Pubblichiamo di seguito il discorso che il Papa ha rivolto ai presenti all’Udienza:

Discorso del Santo Padre

Señoras y señores:

Me alegra darles la bienvenida a todos ustedes, que participan en este Primer encuentro: América en diálogo – Nuestra casa común. Agradezco a la Organización de los Estados Americanos y al Instituto del Diálogo Interreligioso de Buenos Aires sus esfuerzos para hacer realidad este evento, y así como la colaboración del Pontificio Consejo para el Diálogo Interreligioso. Sé que están trabajando conjuntamente en el proyecto de constituir un Instituto de Diálogo que abarque a todo el continente americano. Trabajar juntos es una loable iniciativa y los invito a seguir adelante para el bien no sólo de América, sino del mundo entero.

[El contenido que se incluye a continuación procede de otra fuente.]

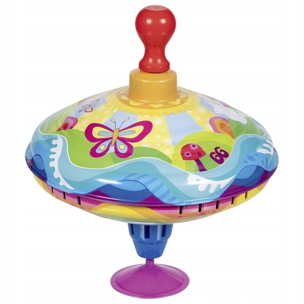 Велика металева дзига — це традиційна іграшка, яку люблять маленькі діти. Тепер у барвистій версії прямо з 1960-х років. Коли ви обертаєте його, кольори зливаються, створюючи візуальну веселку, яка обертається. На відміну від традиційних дзиг, ця дзига має основу внизу. Завдяки цьому він стоїть на ньому стійко і не перекидається. Просто почніть натискати на верхню дерев’яну паличку, і вся ця штука почне обертатися та видаватиме специфічний, але приємний звук.

Este primer encuentro se ha centrado en el estudio de la Encíclica Laudato si’. En ella he querido llamar la atención sobre la importancia de amar, respetar y salvaguardar nuestra casa común. No podemos dejar de admirarnos por la belleza y la armonía que existe en todo lo creado; es ese regalo que Dios nos hace para que podamos hallarlo y contemplarlo en su obra. Es importante apostar por una «ecología integral», en el que el respeto por las criaturas valore la riqueza que encierran en sí mismas y ponga al ser humano como culmen de la creación.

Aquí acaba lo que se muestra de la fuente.